The application of the algorithm should work no matter how great the intensity of the feeling. In fact, you only quantify your anger or resentment when you start thinking.
This is another critical moment where you should not allow yourself to go back to experiencing the emotion as if the emergency was happening again. The goal is to get away, not to beat yourself up, repeating to yourself, "He pissed me off a lot, he hurt me a lot," psychologists emphasize.
You can understand why and how this method works by a simple comparison with a familiar unpleasant condition - a headache.
You imagine that it was not a colleague who was angry with you, but a headache. At first you feel discomfort.
You say to yourself: "I have a headache". I.e. you become aware of and name what you are experiencing.

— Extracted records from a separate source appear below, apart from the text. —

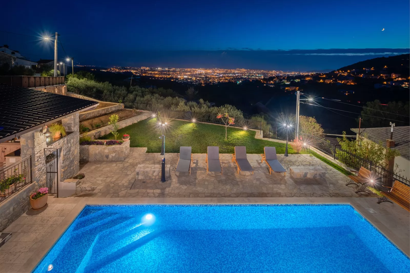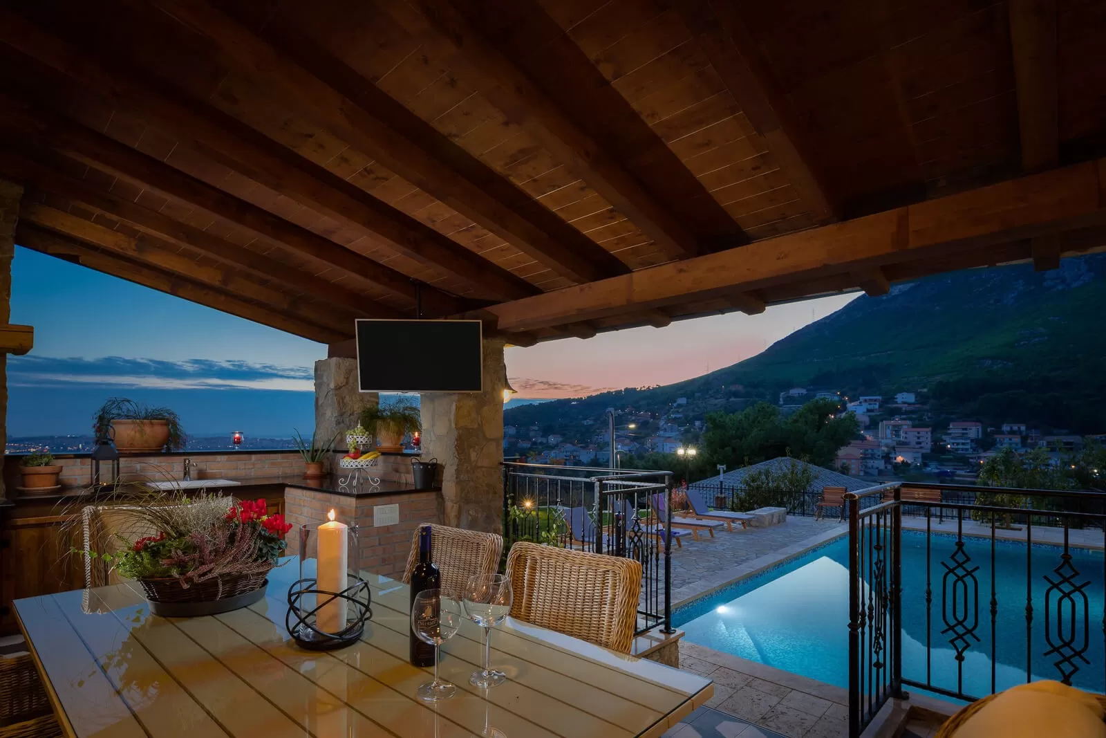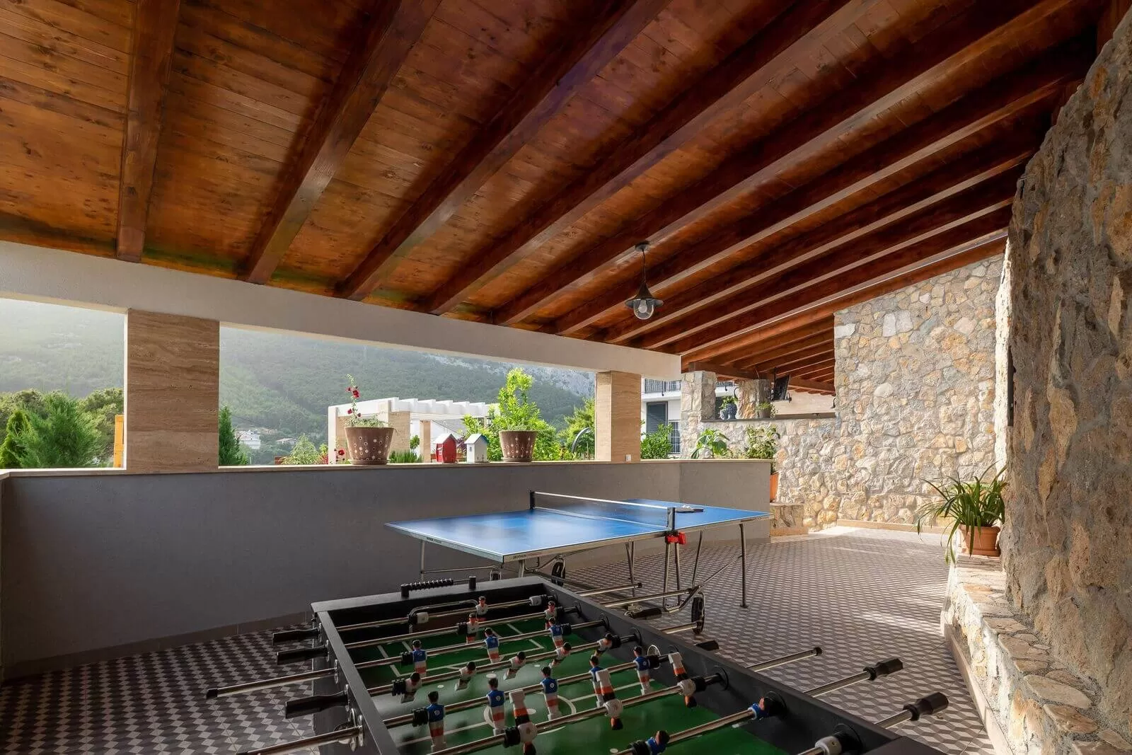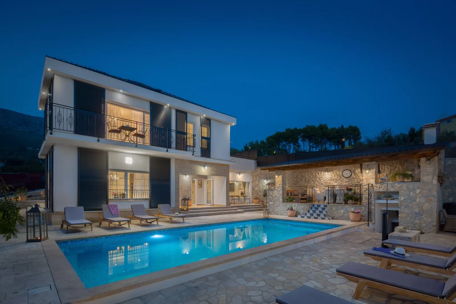 A panoramic view, swimming in the pool, and relaxing in the outdoor Jacuzzi are all you need for a dream vacation. The luxurious Villa Zvonimir with its landscaped garden will awaken the most beautiful feelings in you. Take a dip in the pool, soak up the sun rays, and organize a family breakfast on the outdoor terrace. The outdoor shower is perfect for refreshment on hot summer days, while the covered terrace offers a retreat from the strong sun. Prepare Dalmatian food and indulge in the magical view while sipping your favorite coffee. Table tennis and foosball will come in handy for afternoon gatherings in the fresh air. Villa Zvonimir offers transfer services if you decide to go on a family outing or visit the center of Split. Home-cooked food, indescribable views, a fireplace, and a glass of wine will take your mind far from the daily routine. In the nighttime, with a panoramic view, refreshment in the Jacuzzi, and night swimming in the pool, you will create beautiful memories. Luxury, pleasant climate, and stargazing are priceless.
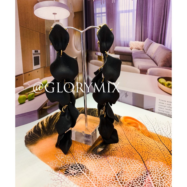 Шалено стильні сережки темно-червоного кольору у вигляді переплетених пелюсток, які гідно прикрасять Ваш образ, додадуть пікантності.
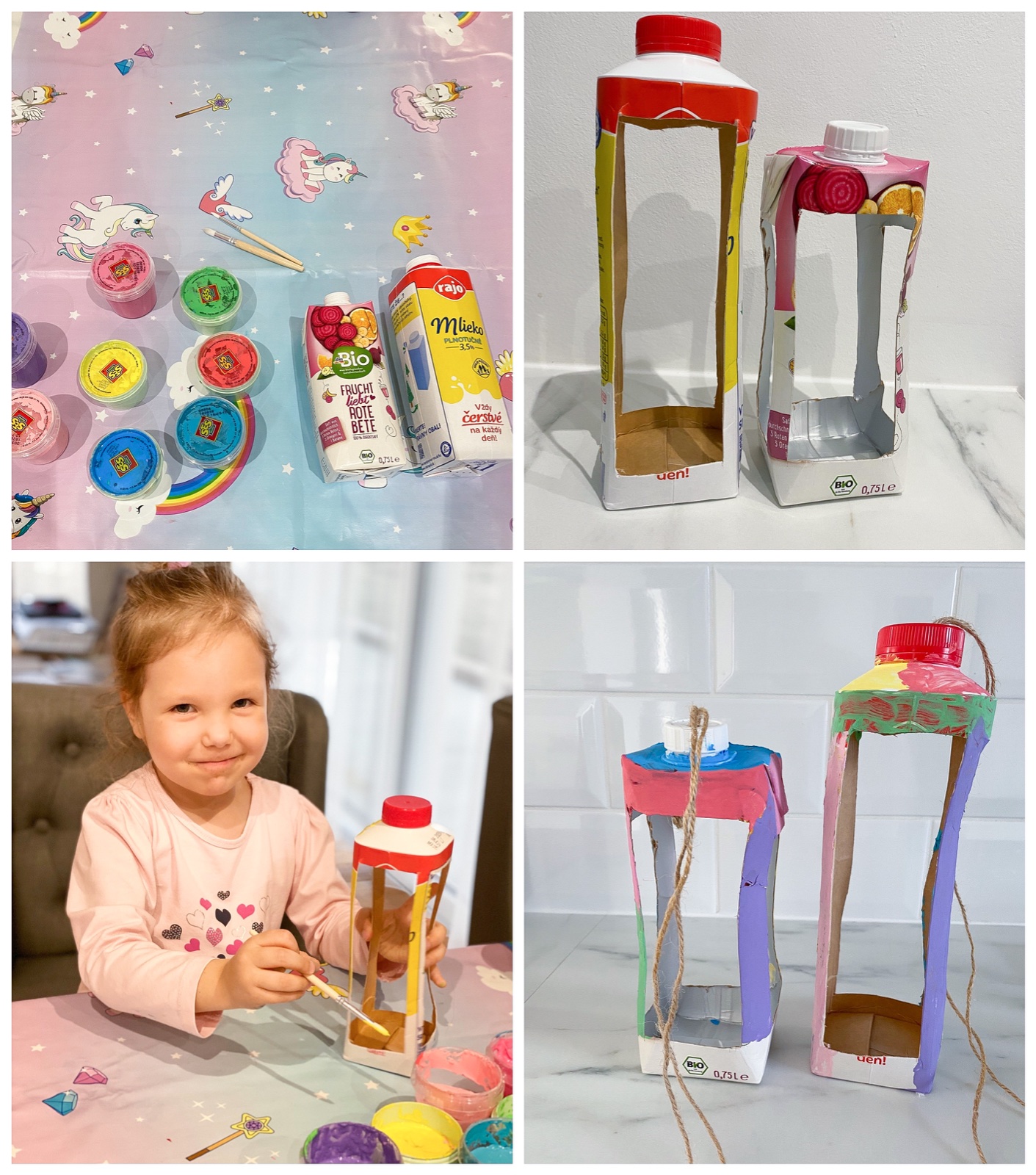 Recyklujeme obaly na mlieko a džúsy. Vytvorili sme kŕmidlá pre vtáky a vyvesili na stromy 🙂#tip #kreativnetvorenie #dm
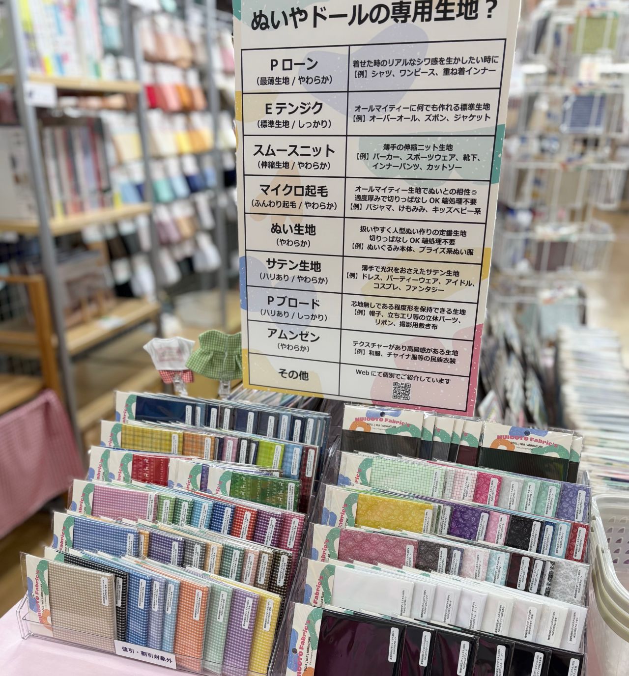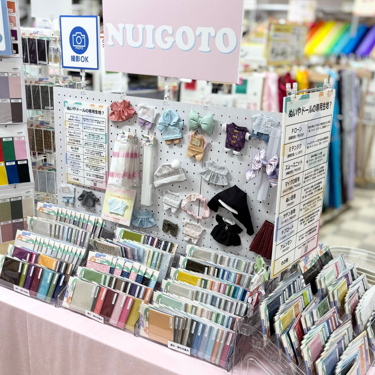 売り場には色とりどり種類豊富なカットクロスがずらりと、見ているだけでもワクワクするコーナーになりました!
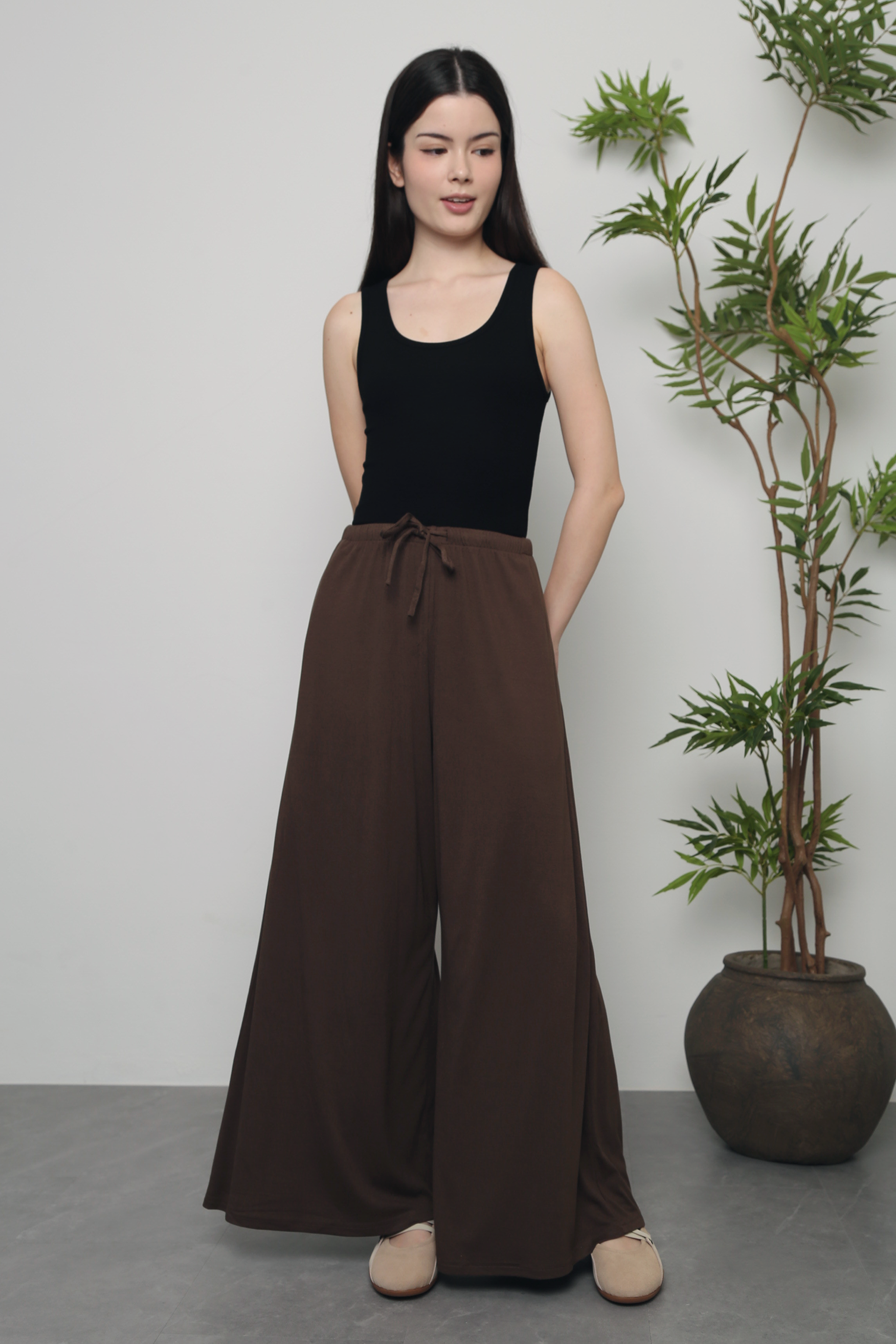 A flowy, easygoing pair of palazzo pants that offer all-day comfort with a relaxed, airy silhouette. Perfect for casual outings, weekend errands, or laid-back office days. Pair them effortlessly with a simple tee, a fitted blouse, or a lightweight cardigan for a polished yet comfortable look.
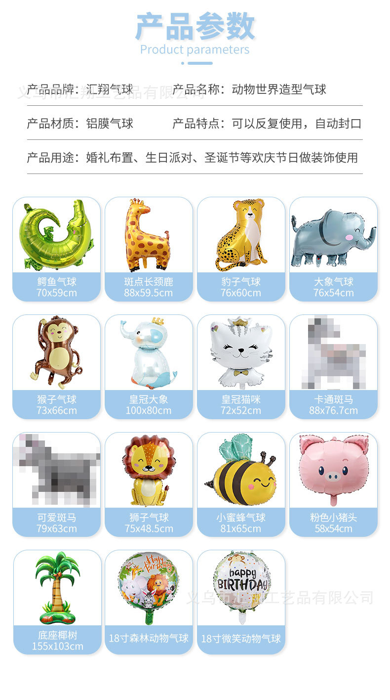 만화 새로운 미소 숲 동물 알루미늄 필름 풍선 사자 호랑이 코끼리 기린 코코넛 나무 정글 파티스토어 가기
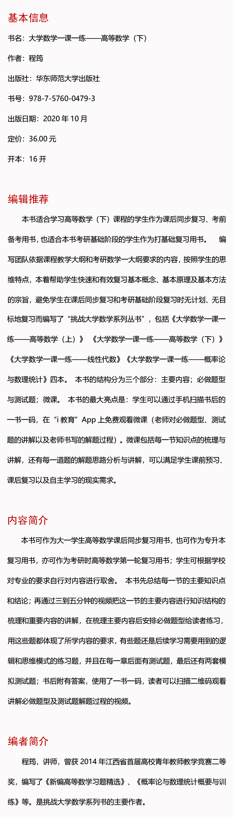 书名:大学数学一课一练 高等数学上下2册+概率论与数理统计+线性代数
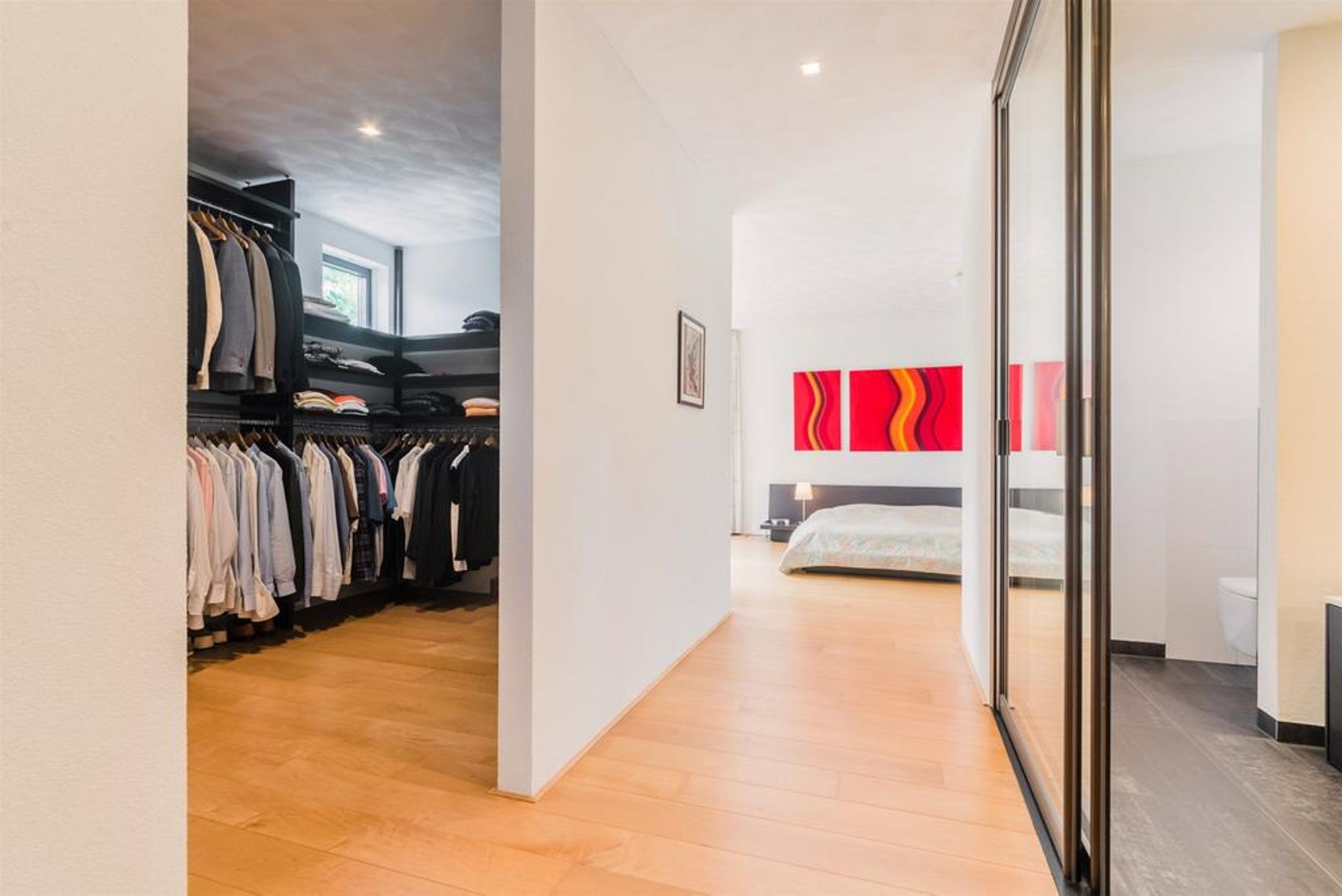 Door dubbele deuren betreedt u de "Mastersuite" met master bedroom, garderobekamer en luxe badkamer. Op de vloer ligt een Maple houten vloer doorlopend naar de master bedroom en de garderobekamer. De master bedroom beschikt over een hardhouten hefschuifpui met zicht en toegang tot de schitterende tuin. De kastelementen (overname) in de garderobekamer bieden veel ruimte voor uw garderobe. Een raam biedt wenselijk daglicht.
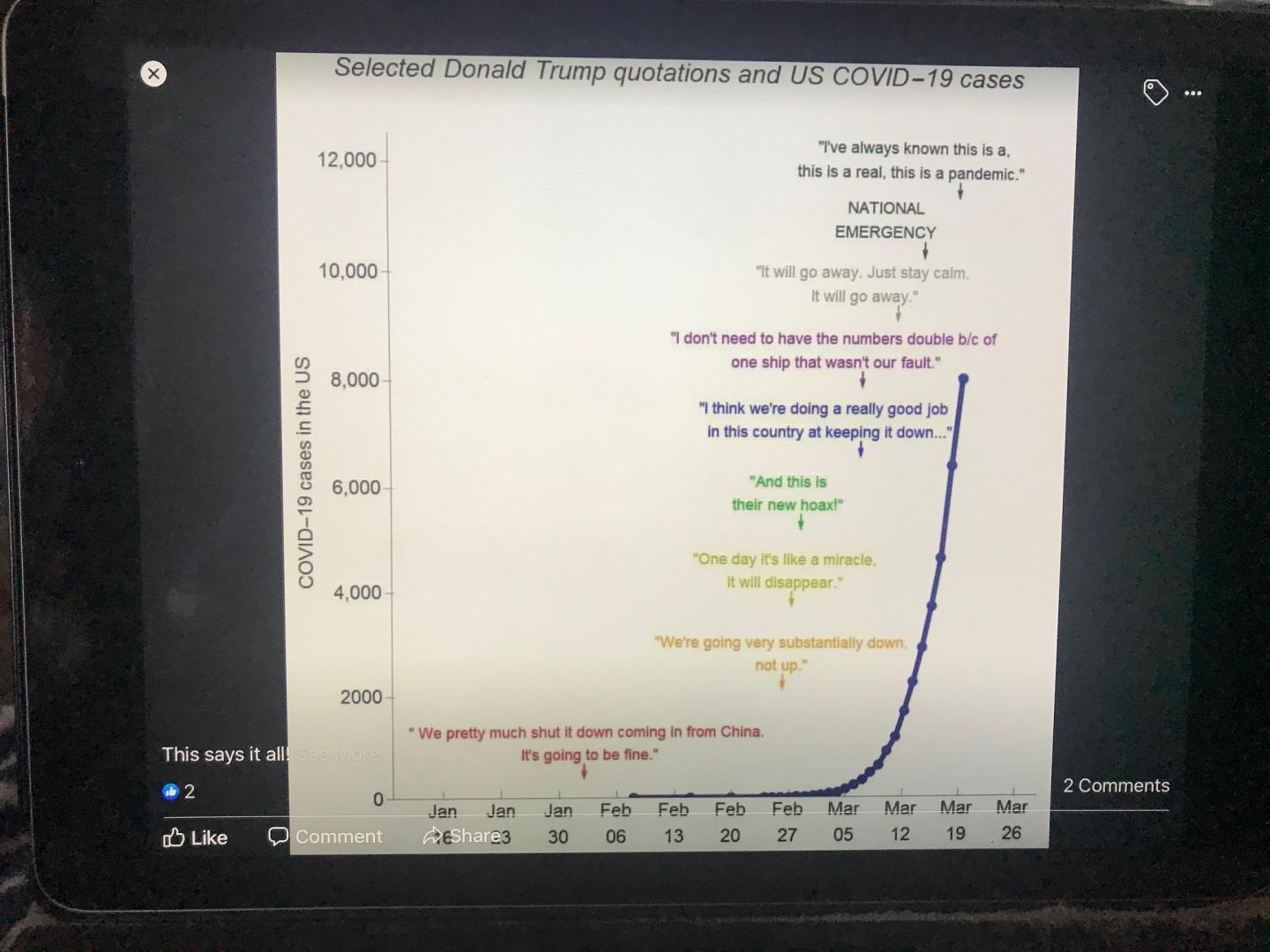 Trumps messaging from the beginning has been pathetic, want to hear how a leader addresses the people who elected him, listen to Gov Cuomo. Straight honest information based on science and facts, not hunches, gut feelings or hopefully miracles. Trump didn’t cause the virus, but he ignored the science hoping what was predicted wasn’t going to happen and has been weeks if not more than a month behind with actions to prevent the spread and gear up for the medical community to handle it.
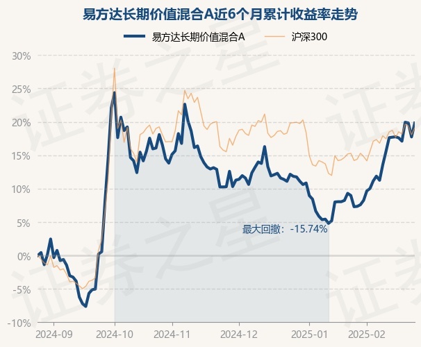 证券之星消息,2月26日,易方达长期价值混合A最新单位净值为0.9269元,累计净值为0.9269元,较前一交易日上涨1.77%。历史数据显示该基金近1个月上涨11.37%,近3个月上涨8.65%,近6个月上涨19.82%,近1年上涨10.85%。该基金近6个月的累计收益率走势如下图:
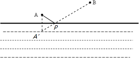 此时军官从军营A出发先到P点,再去同侧的B地开会路途最短.
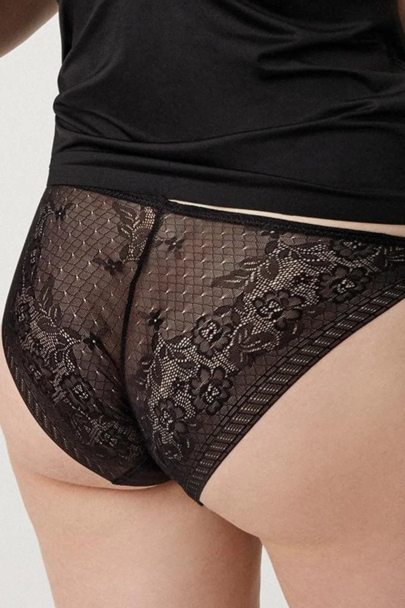 Dámské mini bikiny, vpředu hladké, vzadu jemná krajka. Složení: 90% polyamid, 10% elastan Krajka: 84% polyamid, 16% elastan Vložka: 100% bavlna .
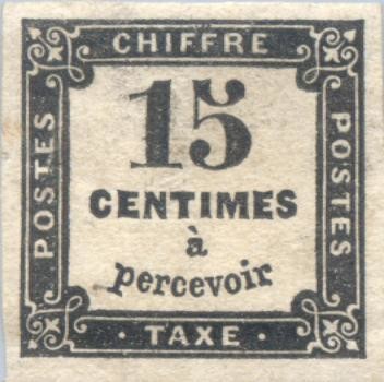 Visibility: public Image owner: none postage due 15c blk issue=1859 due d=numeral (1859 France) unwmk perf=13 Crops No visible images cropped from this one. Measurements Resolution is unknown. Source Source name: Colnect File URL: http://i.colnect.net/images/b/146/945/Tax--Chiffre-Taxe-.jpg Uploaded October 19, 2012, 4:40 pm by Stan Shebs |

Then you think along the lines of "What I'm experiencing right now is just a headache. It will go away." You don't say to yourself "it hurts, it hurts, wow how much it hurts", you take a pill and the headache really goes away.
Analysis switching works the same way, experts explain.
With negative feelings, it's even easier knowing that they will pass in 90 seconds - you are naturally programmed biochemically to wash away the hormonal response.
Dr. Taylor recommends looking at the second hand of your watch during this time.
Then, if the conflict is minor, there is no need to even analyze it, just give your brain some other activity, more positive and relaxing.